You may find that view of democracy – that we all know so little we should refrain from using our voices – unbelievably cynical. But it taps into a backlash against endorsements that, in recent years, has taken a darker turn with the rise of QAnon and other conspiracy theories regarding the alleged perversions of Hollywood stars. During this year’s cycle, endorsements were often countered online by Trump supporters arguing that the celebrity in question would have been present at parties hosted by Diddy, the rapper and record executive who is now in jail charged with sex trafficking and racketeering.
By linking the two, and implying that liberal celebrities were in some way at least conscious of Diddy’s alleged crimes, they serve to undermine the whole power of celebrity itself, rebranding it from something glitzy and desirable to the face of evil. But then conspiracy theories during elections are nothing new. “There will always be a segment of voters who mistrust celebrity and Hollywood and lean into conspiracy theories,” says Abramovitch.
Despite all this, nobody would be surprised to see politicians clambering for endorsements when the next election comes around. After all, there’s nothing to say they actively harmed Harris’s campaign – she may have done much worse without them. Even Maslon admits that “to have the most famous black female singer in the world not endorse Harris probably would have been a big negative, just by implication”.

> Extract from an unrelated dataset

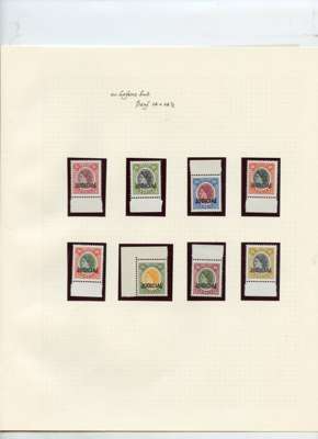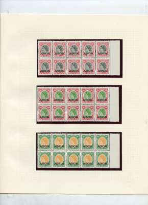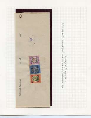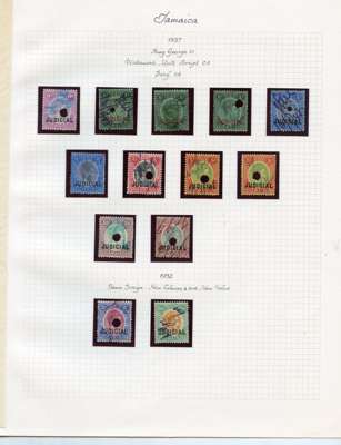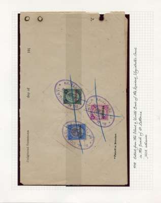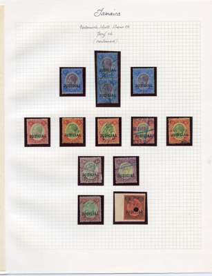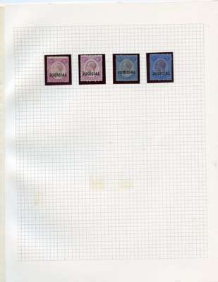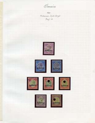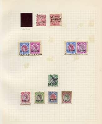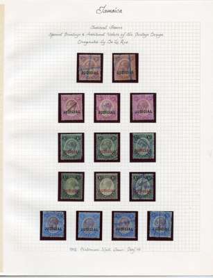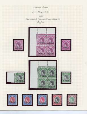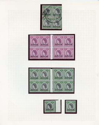 Judicial: 1913-76 collection on pages comprising KGV used values (27) including a complete set and use on documents (3), with mint 6d (2) and 2s (2), KGVI used values (13) to 8s6d plus 10s and £1 (2) used on 'Plant and Minute book' document tied by punch and ms, QEII mint presented on six packed pages with blocks and multiples and values to £1, used values (27) to $1. A very fine representative lot, the KGVI document attractive and very rare. McClellan (from) J21/118

Ultimately, Maslon says, there is really only one celebrity endorsement that has been shown to make a huge difference in US elections – and that’s when the candidate is already a celebrity. “And so they endorse themselves!” He cites George Murphy, the 1940s movie star who ran successfully to become the senator for California, paving the way for the likes of Ronald Reagan, Schwarzenegger and of course Trump. “It seems to happen a lot in the Republican party,” he says.
So if Swift or Beyoncé really want their celebrity star power to have an effect on the polls, perhaps they’ll have to ditch the endorsements and run for office themselves. Just not for the party they currently support.